AUTHOR: Beatus of Liebana (died 798)
DESCRIPTION: The famous Turin map of the 12th century, measuring
39 X 27.5 cm, was once supposed to be a medieval design of the first importance,
is thought by Konrad Miller to be a derivative of the Gerona map.
In the text of the Commentary i llustrated by this map, though surprisingly
not displayed on the map itself, stress is laid on the dispersion of the
twelve apostles. It is not now thought to be so ancient or so important
as once supposed; but since it has been before the modern world for almost
two centuries, far longer than any other Beatus map, it has therefore become
a classic in medieval cartography. Its remarkable peculiarities have naturally
made the Turin map a favorite subject of reproduction. Although the celebrated
wind-blowers, so prominent here, are also to be found in other medieval
mappaemundi, their execution on this Beatus derivative are far more
vigorous and detailed; each wind-spirit being seated on a sack or Aeolus-bag
out of which they are squeezing a lively 'blast of air'. It is fairly certain
that in this shape the picture is not a feature of the prototype work of
776 A.D.; the simpler form of the wind-blowers in the 13th century Paris
III map has a greater claim in this respect. The idea must be recognized
as occurring in both the Osma and Valcavado families, which greatly strengthens
its pretensions to originality.
The Turin map omits both the boats and fishes in the great circling
ocean, and displays only nine rectangular islands, two of which remain unnamed.

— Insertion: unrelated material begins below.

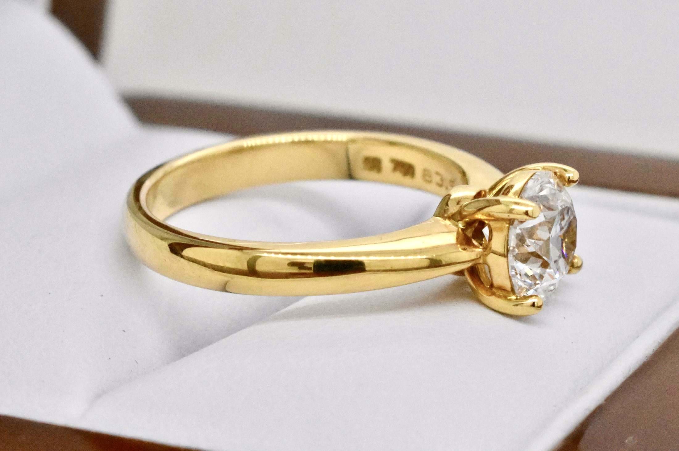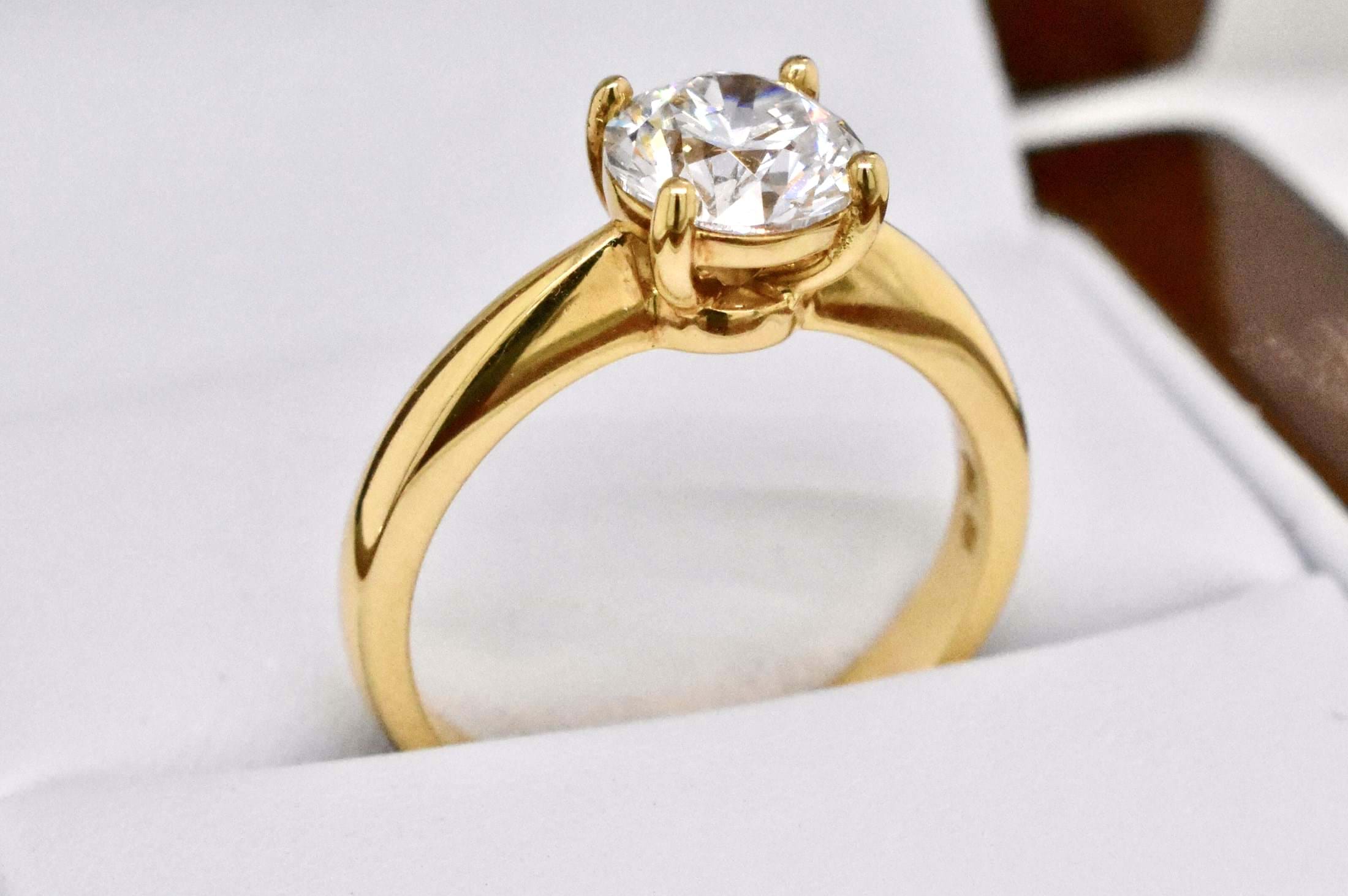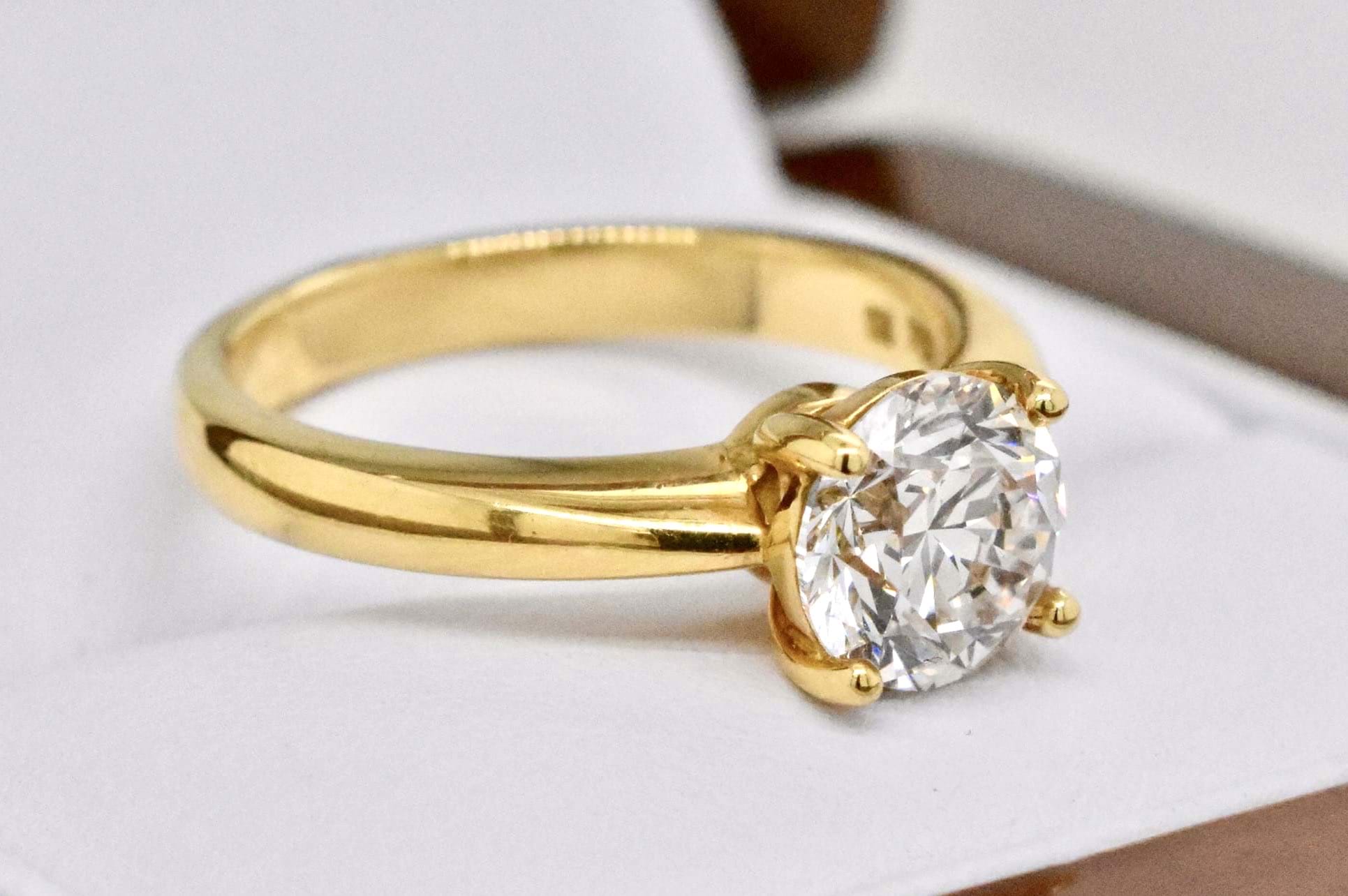 A stunning handmade 18ct yellow gold solitiare ring featuring an impressive white sparkler! This fantastic 1.54ct (E/VS2) diamond is laser inscribed and certified by the GIA and is of exceptional quality. Finger size N+ Independent Valuation Supplied

The Mediterranean shows fourteen uniformly shaped islands, only six of which
are labelled. While no use of decorative houses/ castles/churches to symbolize
major centers can be found on this copy, the illustration of Adam and Eve
is still to be found traditionally at the top of the map (east). Several
rivers and mountain ranges are shown; Europe and Asia are specifically named
but there appears no label for the general area of Africa or Lybia; and
across the narrow sea, to the south, is, of course, the Antipodes.